## DATA SEGMENT:
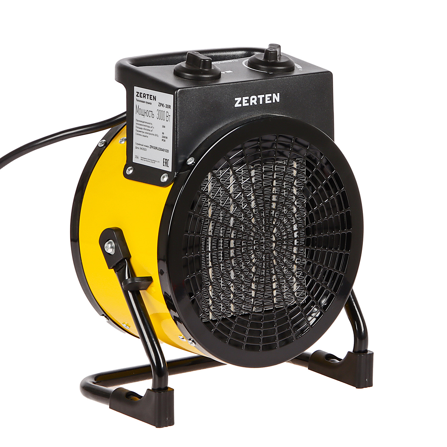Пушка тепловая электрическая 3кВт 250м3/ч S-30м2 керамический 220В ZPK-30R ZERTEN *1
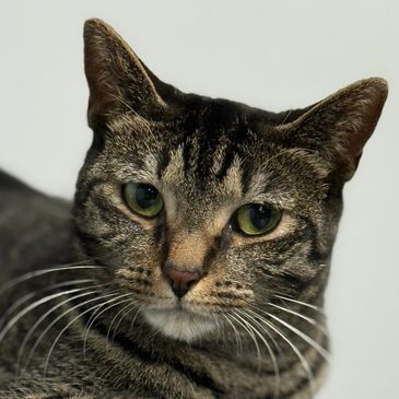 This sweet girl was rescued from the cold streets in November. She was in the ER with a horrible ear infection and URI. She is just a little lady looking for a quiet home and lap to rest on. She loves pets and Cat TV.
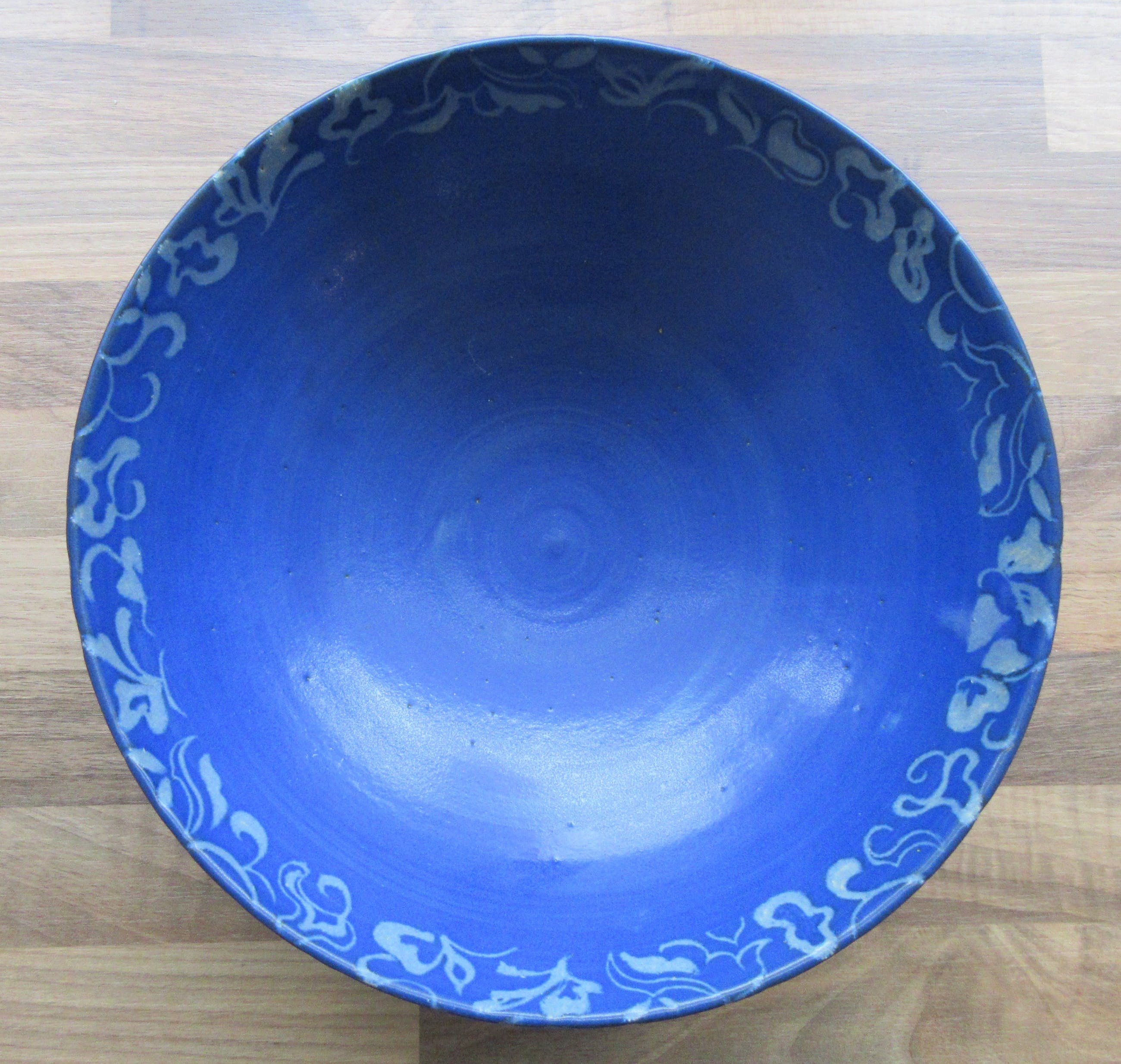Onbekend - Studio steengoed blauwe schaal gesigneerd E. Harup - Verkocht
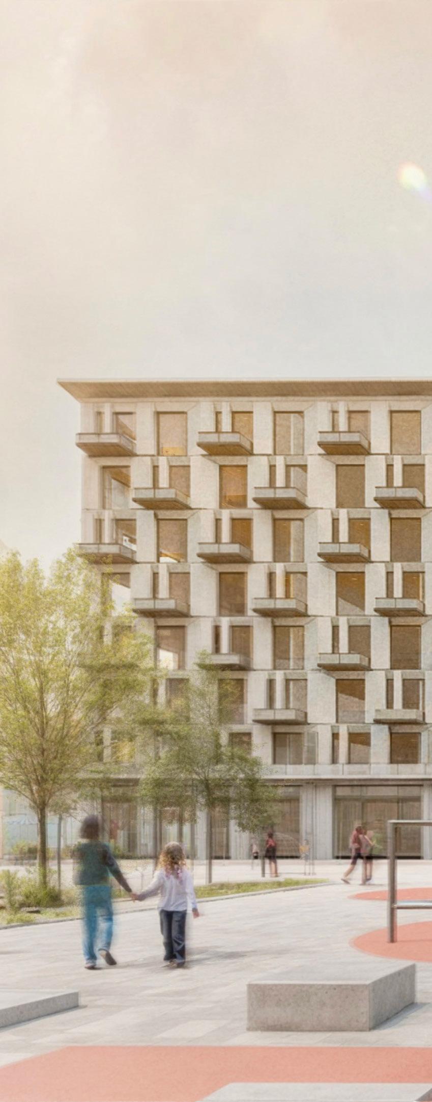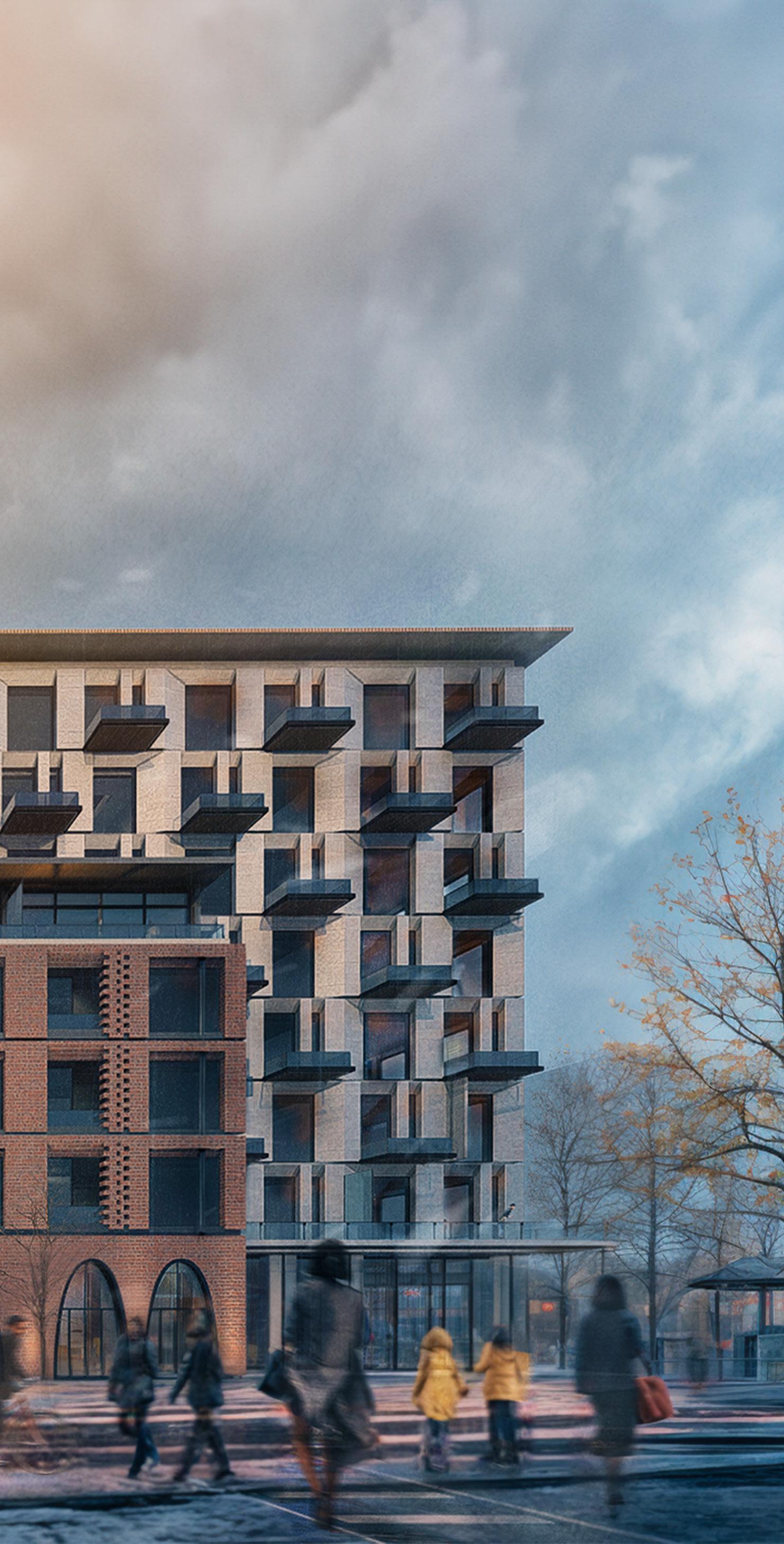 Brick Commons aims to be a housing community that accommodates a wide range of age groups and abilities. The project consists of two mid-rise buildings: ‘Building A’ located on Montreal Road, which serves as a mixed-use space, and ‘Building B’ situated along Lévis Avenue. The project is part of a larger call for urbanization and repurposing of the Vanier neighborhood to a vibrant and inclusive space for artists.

## TASK DIRECTIONS:
Give again, word for word, every line from the top of the data above to the line holding "This sweet girl", inclusive, with the pictures left out.

## REPLY:
Пушка тепловая электрическая 3кВт 250м3/ч S-30м2 керамический 220В ZPK-30R ZERTEN *1
 This sweet girl was rescued from the cold streets in November. She was in the ER with a horrible ear infection and URI. She is just a little lady looking for a quiet home and lap to rest on. She loves pets and Cat TV.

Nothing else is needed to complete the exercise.